Pero no hay dudas que Silvo - igual que todos - anda con la creatividad en baja. Y no es de ahora. En Torre de Babel, otra que cancaneó en los ratings, su malvada Ângela (Cláudia Raia) repitió con precisión milimétrica la misma coartada de la villanaza Isabela (Claudia Ohana) luego de matar a Andreia en La próxima víctima.

Esperanzas...

Aquí todo está por delante... en definitiva a Abreu y sus colaboradores (Daniel Ortiz - curiosa importación from Televisa s.a. - y cía) le quedan como 100 capítulos más hasta enero del año que viene.
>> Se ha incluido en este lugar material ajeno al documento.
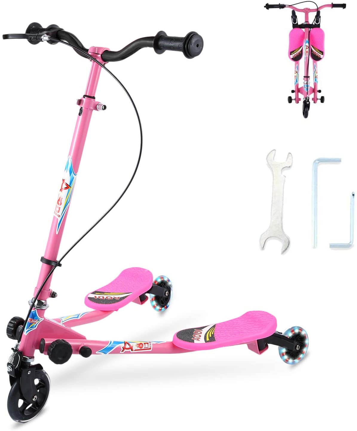 Swing Scooter for Kids, 3 Wheels Wiggle Scooter Foldable Self-Propelling Drift Kick Speeder Scooter with 3-Level Adjustable/Illuminated LED Wheels for Boys Girls Ages 3-8 Years

En ese ínterin promete desarrollar una trama detectivesca llena de 'misterios'.

Ya conocemos el de Gerson - neurótico rol de Marcello Anthony. La duda sobre sus posibles aberraciones aguzó mucho el morbo de los espectadores.
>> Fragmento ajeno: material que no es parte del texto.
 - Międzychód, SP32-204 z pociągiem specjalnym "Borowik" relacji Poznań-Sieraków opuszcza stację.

Aún Silvio no ha terminado de cocinar este caldo, pero en una sesión con el psicoanalista el campeón frustrado confesó haber sido 'abusado' en la infancia. Todo indica que la abusadora fue otra malvada, Valentina (Daysi Lúcidi). Parece que la señora es toda una especialista en la materia, pues trata de vender la virginidad de su nieta adolescente a quien mejor la pague.

Esta, sin dudas, es una acción de merchandizing social, igual que la adopción fallida de niños de la calle por Candê (Vera Holtz, como siempre bien en su desempeño, pero con un acento 'campesino' demasiado 'cargado' según las críticas).

Galanes...

El apartado de los galanes está surtido... luego de su éxito en India, una historia de amor, Rodrigo Lombardi vive el primer protagonista. Su carisma se inscribe bien en el perfil de héroe justiciero.
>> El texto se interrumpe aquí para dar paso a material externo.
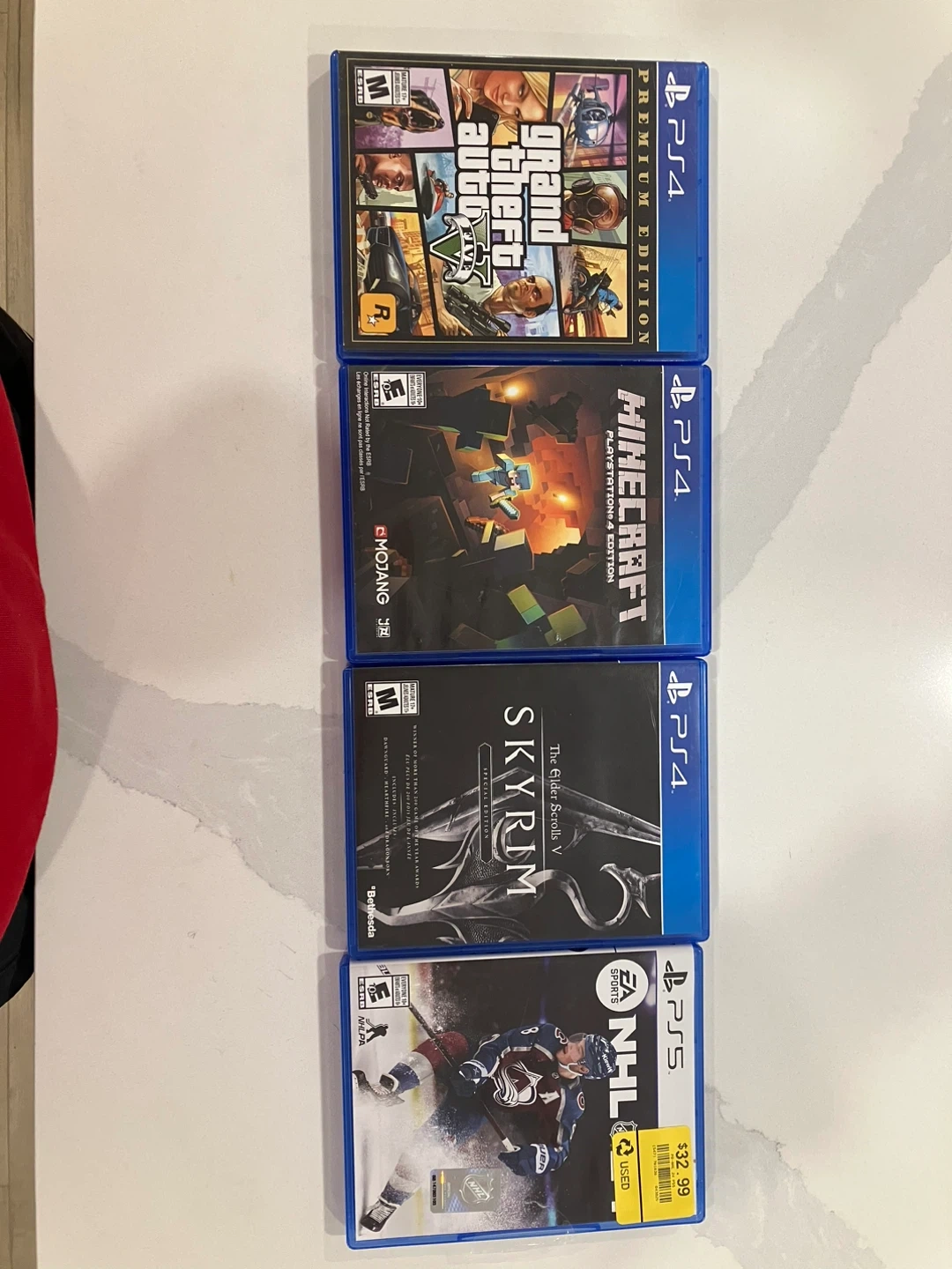Selling four PS4 games: Grand Theft Auto V Premium Edition, Minecraft PlayStation 4 Edition, The Elder Scrolls V Skyrim Special Edition, and NHL. Games are for PlayStation 4 console. And ps5 NHL 24

Reynaldo Giannechini, 'gana para el pan' con su primer villano. Pero nadie duda que si subió fue a costa de su apariencia. Tony Ramos - el galán otoñal - supo munirse a lo largo de su carrera de buena dosis de oficio, por ello tampoco traiciona a su bondadoso Totó. En particular gana cuando comparte escena con su madre (Bety) y la eterna amada (Clara). Pero no deja atrás la sombra del griego Nikos (Passione) y otro italiano Juca Mistieri (La próxima víctima).

Conclusiones...

En fin que para el que está viendo en retransmisión el clásico Vale todo y la orgánica y bien articulada Ti Ti Ti, Passione no cumple con la expectativa. Si bien los números del Ibope se ajustaron - de ahí la caída en las proporciones - no se puede negar que los aún bajos ratings no son porque la competencia haya mejorado... Ya Silvio de Abreu tuvo épocas mejores y es de esa genialidad que sentimos 'saudade'.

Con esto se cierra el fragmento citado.